In his office, with the door shut, they shared a long, delicious kiss. It wasn’t nearly enough. But it would have to hold them until his return. She laughed at how much she missed him already. It was only a one-day trip, to check in with Riki again. She would see him Thursday. And Friday would be the big Independence Day picnic.
They rode the elevator down together and parted on the Avenue. She tried not to feel down as he put her in a cab and waved her on her way.
Funny, when you were crazy about a man, it almost hurt to be away from him.

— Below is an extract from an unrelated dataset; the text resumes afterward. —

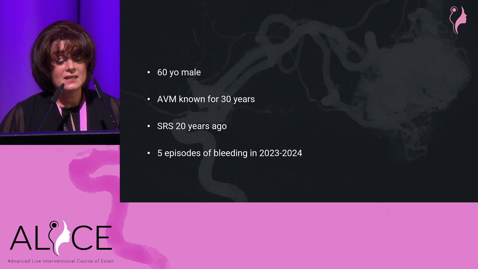 Deep ganglia AVM with several episodes of bleeding and multiple aneurysms on the single outflow vein, to be treated by transarterial pressure cooker with squid

But then she got home and fifty pounds’ worth of boy came flying at her, calling, “Mom! I’m home. I know you’re so glad!” The house smelled of onion-soup-and-green-bean casserole and her mom came in from the kitchen, wiping her hands on a towel, beaming in welcome.
Yeah, she missed Tom, but it sure was great to have her son across the table from her at dinner, his bent-up glasses taped in three places and his hair sticking straight up from the top of his head as it always did.
And there was more. Her mom had whipped up not one, but two of her famous casseroles.
This was the life, all right.
It took an hour to put Max to bed. He had so much to fill her in on. He’d had to let his pollywog go before it finished its transformation into a frog.
“He still had his tail. But, Mom, he was so close!” Next year, Max said, he and the friends he’d made in Mount Vernon were going to build a fort down by the creek. They already had a secret club. “With a special handshake and everything. No girls allowed—well, except we’re going to have a meeting about Janella Trowley.”
“Janella Trowley?”
“She’s a girl.”
“Hmm. Kind of thought she might be.”
“She’s six like me. She lives two houses away from Granny and Grandpa and she’s not so bad, so we might let her in the club. After the vote, I mean.”